- [Exercise objective]: Without its pictures, the listing below is to be transcribed exactly.
[[ Supplied material open ]]
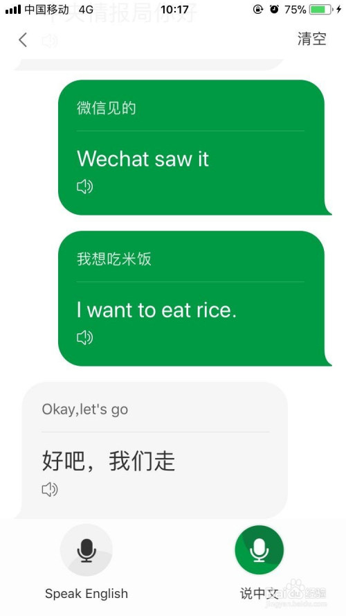 第一个功能很适合大师去国外,面临面和外国人交流,我们问话的时辰点击说中文,然后翻译英语,放给外国人听,他听完筹办讲话的时辰,我们再点左下角的说英语,把他的翻译当作中文,我们就可以看懂了。
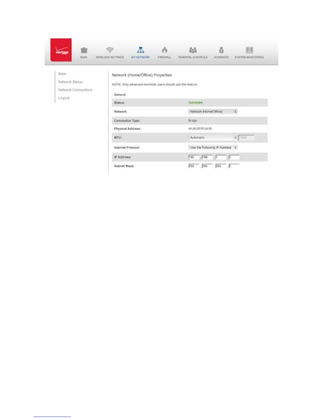 • Physical Address - displays the physical address of the network card
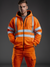 Full zip front hoodie with horizontal hi vis reflective tapes, 300 gsm soft and comfy material in orange with inner fleece, features 2 side pockets and elasticated cuffs and hem for good fit.
[[ Supplied material closed ]]
- [Answer to the problem]:
 第一个功能很适合大师去国外,面临面和外国人交流,我们问话的时辰点击说中文,然后翻译英语,放给外国人听,他听完筹办讲话的时辰,我们再点左下角的说英语,把他的翻译当作中文,我们就可以看懂了。
 • Physical Address - displays the physical address of the network card
 Full zip front hoodie with horizontal hi vis reflective tapes, 300 gsm soft and comfy material in orange with inner fleece, features 2 side pockets and elasticated cuffs and hem for good fit.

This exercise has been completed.